It is odd then that H.G. Wells’ book does not fit the criteria of Darwin’s first class novels, yet the characters in it exemplify the dangers in losing the higher arts.

2 comments:

  1. Something was screwy with the clock on my computer so this was scheduled to publish at ten o'clock tonight. I think I fixed it though. Maybe. I don't know.

    ReplyDelete
  2. Yes indeed! Darwin, insofar as the evidence you were given for this post, never definitively defines what he means by “imagination.” However, be careful that the speculation with which you follow up this lack of definition does not over-generalize to the point of effacing the evidence you *do* have from the autobiography. It is certainly possible that Darwin enjoyed the ‘escapism’ of novels, at least with regard to the “happy endings” and “pretty ladies” they could present; but does this necessarily preclude poetry from such escapism? In contrast to this speculation, your statement—“Darwin’s theory of ‘literary natural selection’ so to speak denigrates novels to a lower and more vulgar place in culture, yet he appreciates novelists and the works they produce”—does an excellent job of describing the problematic that drives Darwin’s thoughts here: novels are at once indicative of an atrophied aesthetic sense and appreciated for their effect. With this in mind, I enjoyed your discussion of Wells’ _The Time Machine_ as an exception to the degenerate novel.

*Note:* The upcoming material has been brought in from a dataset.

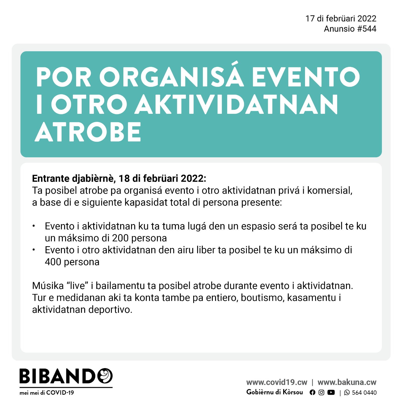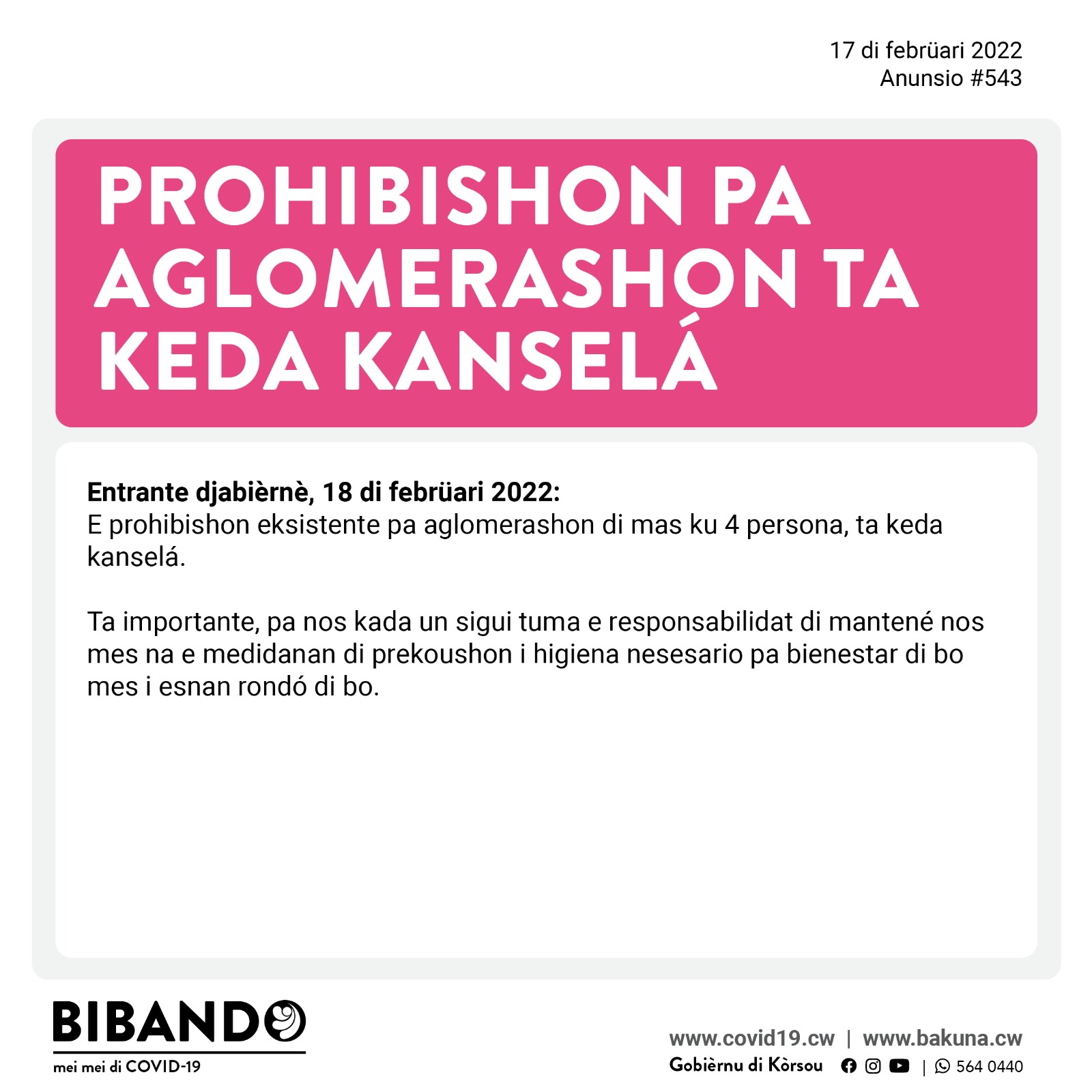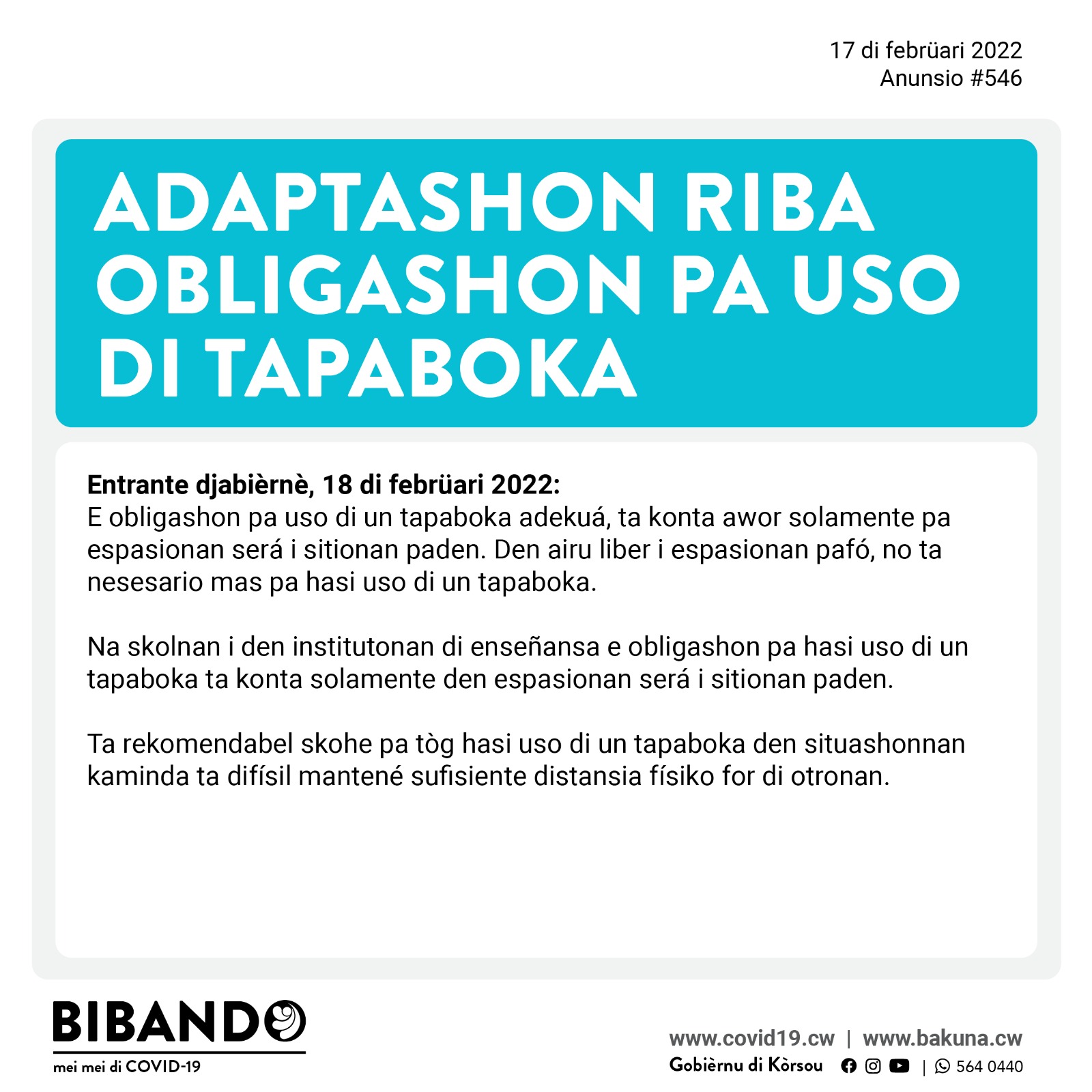 Djaweps 17 di febrüari 2022 – Suavisashon di Medidanan

However, I also question why Darwin’s theory doesn’t necessarily hold, given that Wells’ text does not (as you discuss) contain the qualities for *Darwin* to enjoy the text. Does this not prove his point: that he cannot enjoy such a text precisely b/c it lacks the possibly escapist vein? In fact, is it not too real? Too much a performance of the very theoretical work that caused the atrophy of his aesthetic sense in the first place? It seems to me that you are disagreeing with the fact that Darwin would relegate _The Time Machine_ to a lower class of literature (and not that Darwin can or cannot uphold his own theory). We have to remember, as you mention at the top of the post, that the excerpt in question is from Darwin’s autobiography; it is, in effect, an opinion piece. So to agree or disagree w/ its premise demands, for example, that you take into account the state of atrophy in which Darwin claims to be writing. Might this then be the quality that would allow you to dismantle his theory, by using Wells’ novel as a kind of decoder ring?